Hôtel blues

Publié le par Arpenteur

Ma fonction me permet d’en voir des choses. Et croyez-moi, depuis le temps, j’en ai vu. Je ne suis pas aussi vieux que les murs, qui ont servi d’écrin à tant de petits éclats de vies. Mais moi aussi, avec les années, j’ai mon lot d’aventures, et d’anecdotes.

J’aime bien la pièce qui m’est attribuée. Elle n’a pas beaucoup changé, on y a juste ajouté un téléphone, puis une petite télévision, il y a quelques années. Depuis, paradoxalement, mon travail est devenu un peu plus ennuyeux. Il se passe moins de choses. Mais à part ça, rien n’a vraiment évolué depuis que je suis dans la maison.

De la fenêtre, légèrement sur la gauche, on a une jolie vue sur un parc public. J’aime bien le contraste entre la verdure et les bâtiments au-delà, avec leurs centaines de petites cheminées ocre. Et à ce que j’ai entendu dire, en se penchant beaucoup à gauche, on peut même apercevoir la tour Eiffel. Mais moi, je n’ai jamais réussi.

J’ai l’air un peu froid comme ça, au premier abord. La mine grise de quelqu’un qui sort peu, un peu rond et lourd sur le bas du corps. Mais c’est assez caractéristique, quand on ne bouge pas beaucoup. En général on m’aime bien, et je sais rester très discret.

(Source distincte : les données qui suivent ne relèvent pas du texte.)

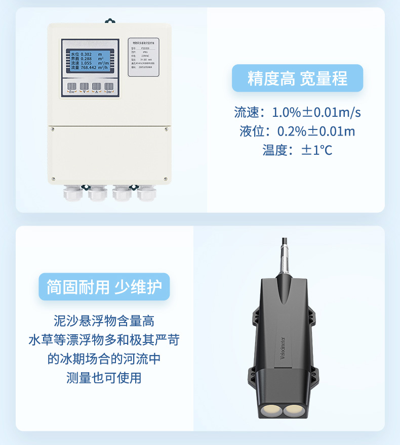 產(chǎn)品描述:本產(chǎn)品是在自然水域或者渠道、管道中測量水的流速、流量的儀表,利用超聲波技術(shù)探測流速,測量點(diǎn)在機(jī)體前方,不破壞流場;測量精度高,測流線性,可測瞬時(shí)流速,也可測平均流速;無轉(zhuǎn)動(dòng)部件,不懼泥沙堵塞和水草纏繞,探頭堅(jiān)固耐用,不存在泥沙堵塞或水草、雜物纏繞等問題,最適用于泥沙懸浮物含量高,水草等漂浮物多和極其嚴(yán)苛的冰期場合的河流中測量。CN1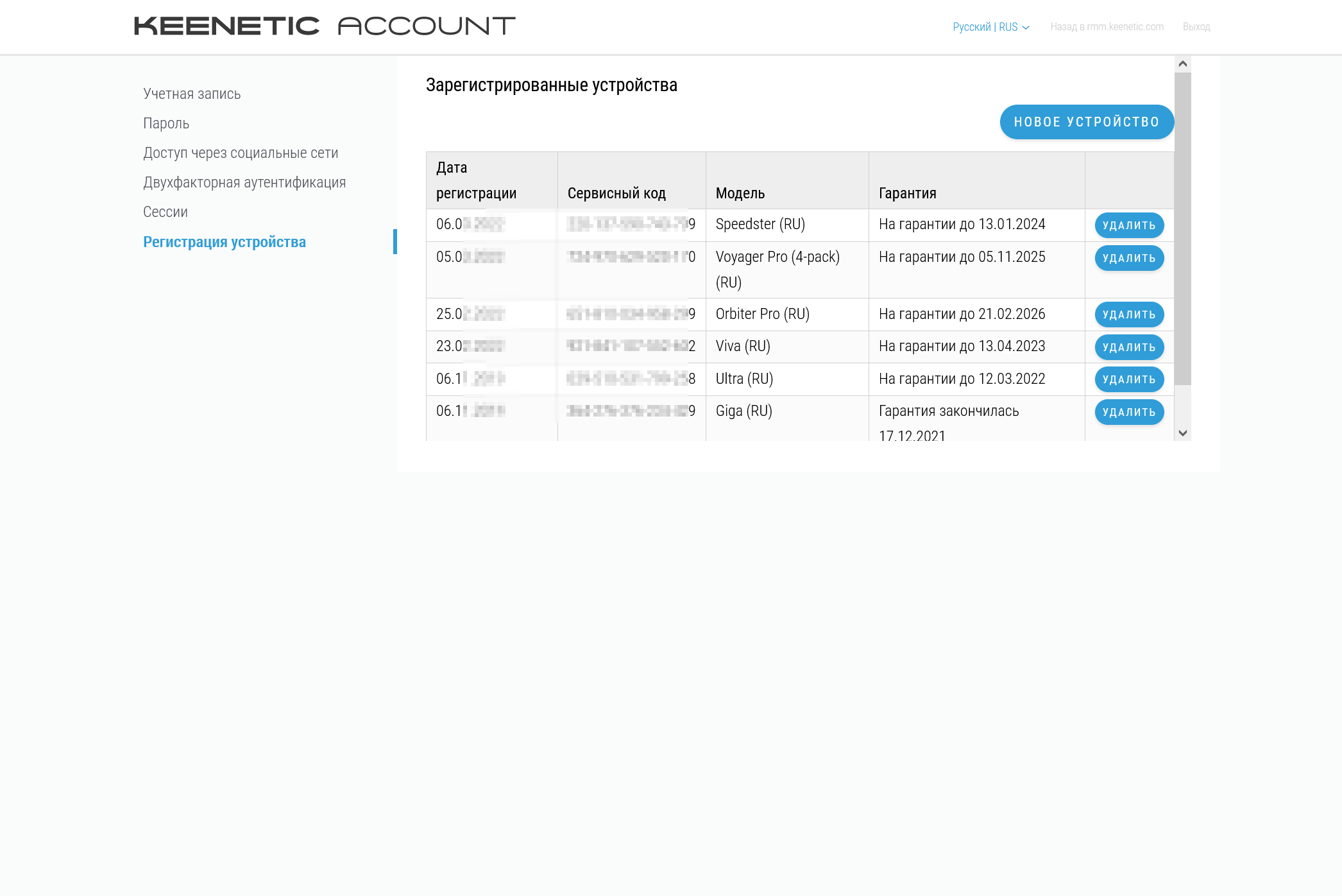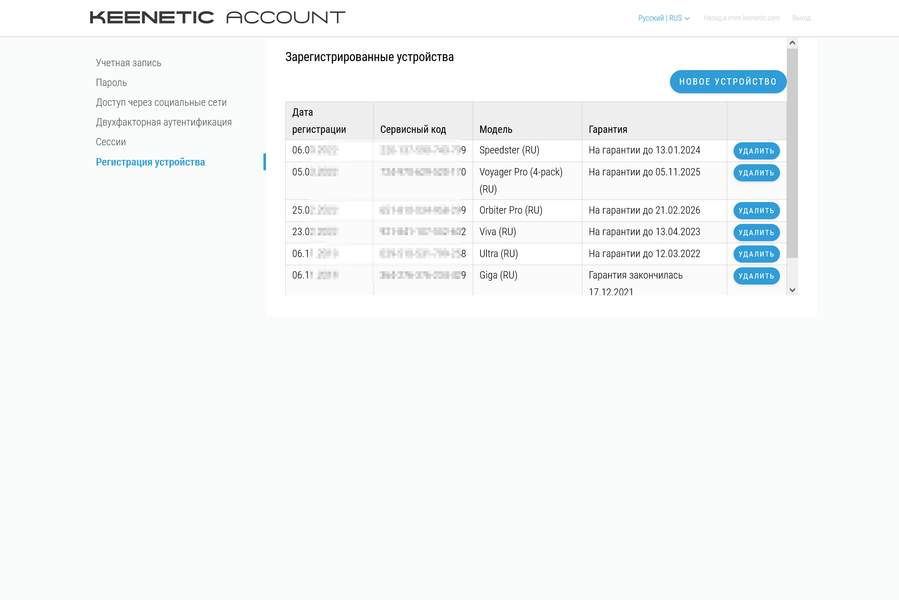 На отдельной странице представлен список текущих подключенных к аккаунту устройств с указанием даты регистрации, сервисного кода, модели и статуса гарантии. Здесь же можно и добавить новое устройство в аккаунт.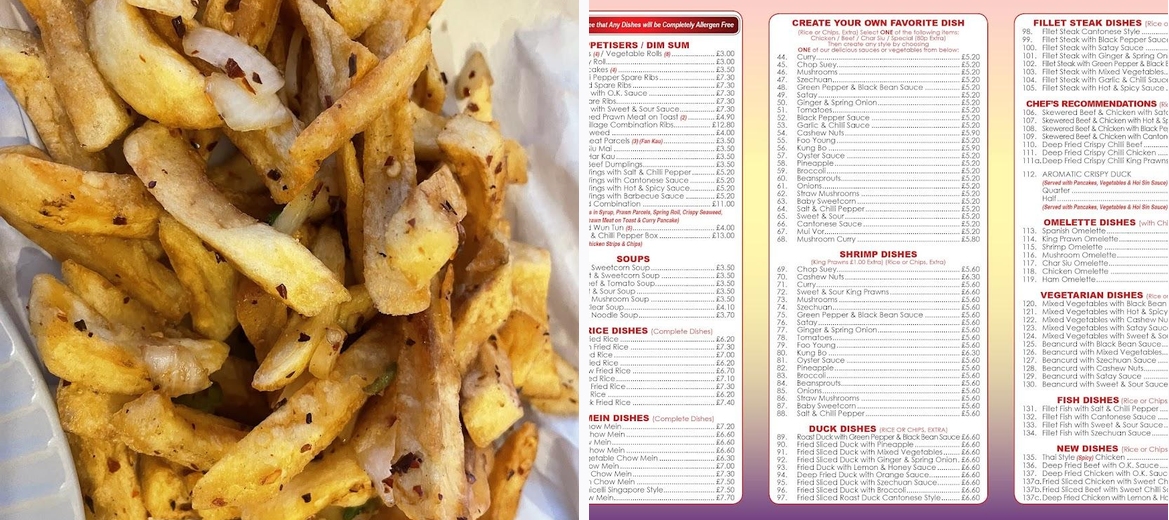 Welcome to Treasure Village, your go-to destination for delicious Chinese cuisine in Ashton-in-Makerfield. Offering a delightful mix of takeaway, delivery, and dine-in options, our menu features favorites like salt and pepper chicken and savory chow mein, all priced affordably at £1–10. Enjoy a casual dining atmosphere with quick bites perfect for lunch or late-night cravings. Our wheelchair-accessible facility ensures everyone can indulge in the flavors we offer. Friendly staff, free street parking, and a 5-star hygiene rating make every visit a pleasure. Join us today at 152 Old Rd and savor the taste of Treasure Village!Patrons rave about the salt and pepper chicken, often highlighting its perfect seasoning and flavor. The chow mein consistently earns top spots in customer favorites, praised for its freshness and depth of taste. Many enjoy the excellent chips and curry sauce, noted as some of the best in the area. Regular customers appreciate the generous portions and the ability to customize dishes according to their tastes. The casual and friendly atmosphere also stands out, as many reviews mention the welcoming nature of the staff, enhancing the overall dining experience.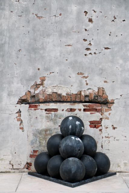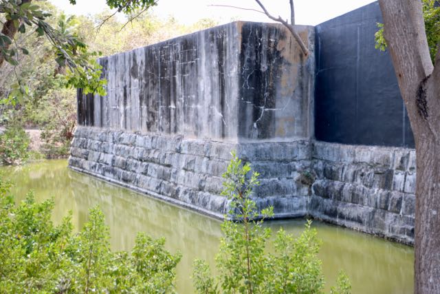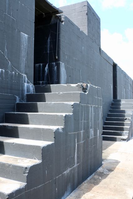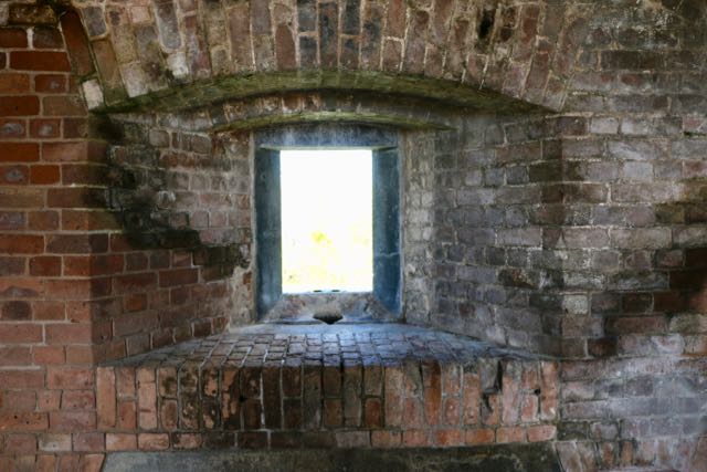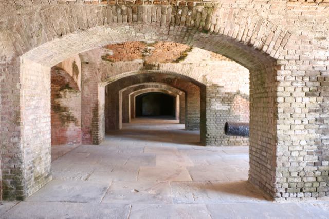 What first struck us was the moat surrounding the fort.  That, and the shaded park on the outside, compared to the pristine interior, stark and hot when in the sun, with grass as the only greenery.  Fort Taylor is a mix of jet black walls, brick walls, uniform chambers, identical arches, and an evolving architecture.
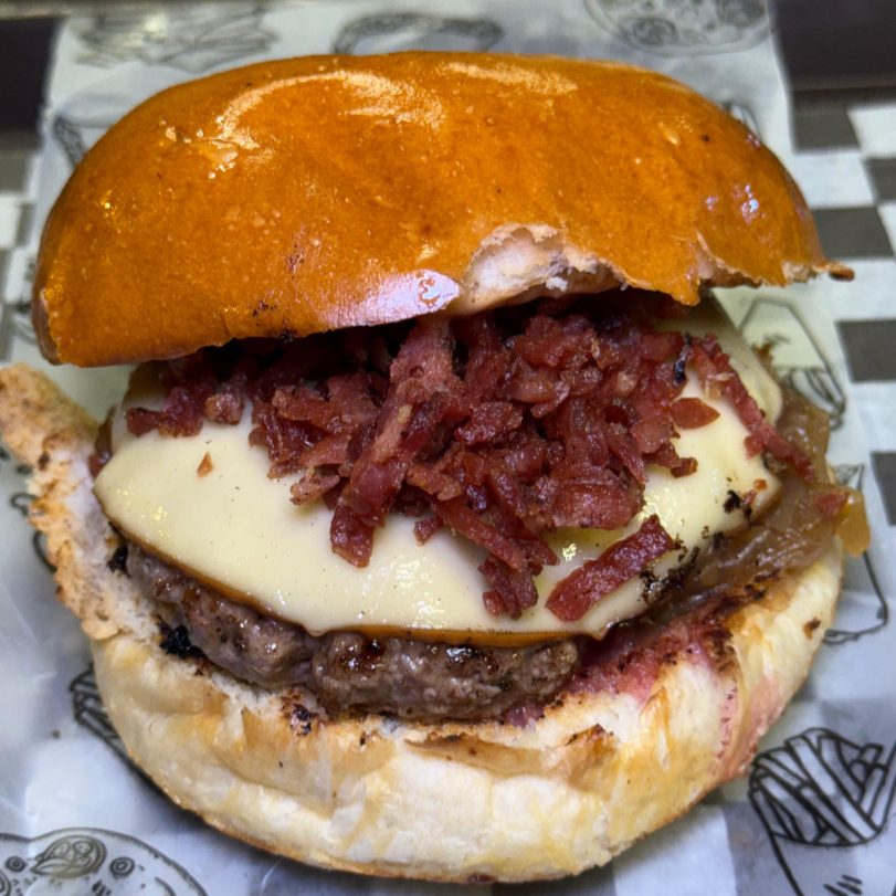 Pan Brioche mantequilloso, 150 gramos de jugosa mezcla de carne de res, salsa a base de BBQ y miel de abejas peruana, cebolla caramelizada y tocineta.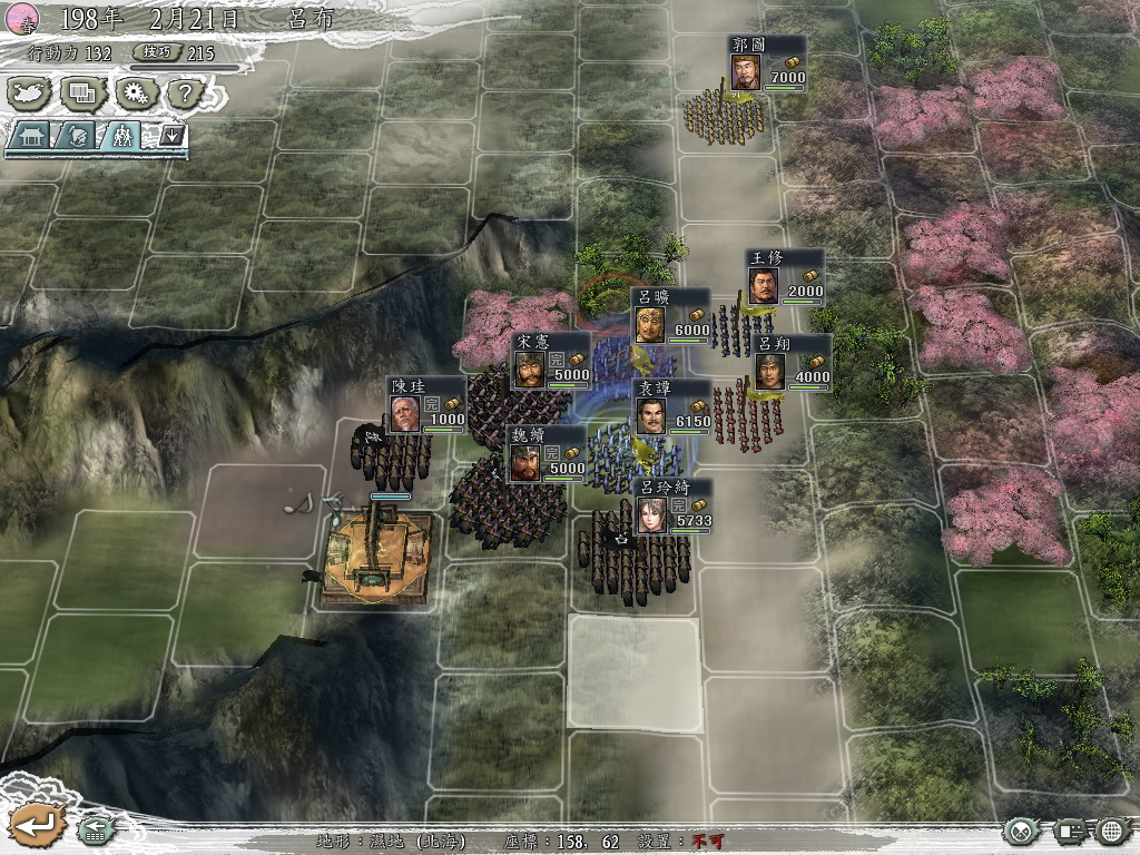 2月1日,張遼隊在陳留主徑(117,85)建陣,呂布隊修補,高順隊在陳留主徑(119,83)建軍樂台,曹性修補。呂玲绮隊在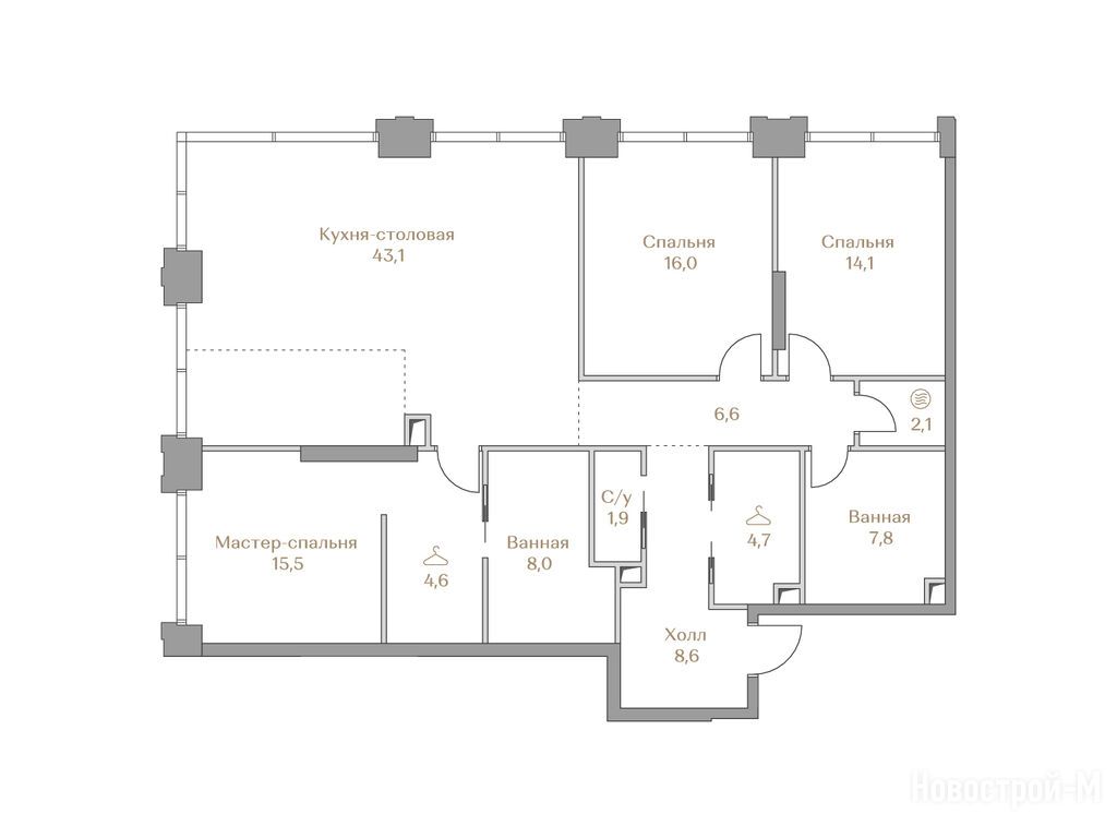 1. Большой пул самых востребованных семейных квартир с двумя-тремя спальнями.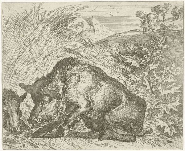 Charles Jacque made this etching, Swineherd, sometime in the 19th century. The magic of etching resides in the alchemical combination of materials: metal, acid, and ink. The artist would have first coated a metal plate with a waxy, acid-resistant ground. Using a needle, he scratched an image into this ground, exposing the metal underneath. The plate was then submerged in acid, which bit into the exposed lines, incising the image. After removing the ground, the plate was inked, and the surface wiped clean, leaving ink only in the etched lines. Finally, the plate was pressed against paper, transferring the image. Consider the deep, rich blacks and the delicate, flickering lines. These are direct results of the etching process, and give the image a tactile, almost sculptural quality. This print represents a moment in the daily life of a rural laborer. It reminds us that even seemingly simple images are born from a complex interplay of material, process, and social context.

Je ne bouge pas beaucoup, c’est vrai, et on pourrait croire que je tourne en rond, que cette routine est difficile, mais je suis si curieux, que c’est tous les jours différent. Quand on est fidèle dans son travail, que l’on reste au même poste de nombreuses années, on est un peu comme un enfant sur un pont. On regarde passer la rivière de la vie, et ce n’est jamais pareil. Que l’on soit là ou pas, la rivière continue de couler, inexorablement. Et on peut être très heureux en étant sur la rive, pas besoin d’être dans le courant. Elle coulait avant, et elle coulera après. C’est la vie, et c’est pour ça qu’elle est si belle et si précieuse.

Je rencontre souvent des couples. C’est ce que je préfère, parce que c’est varié les couples.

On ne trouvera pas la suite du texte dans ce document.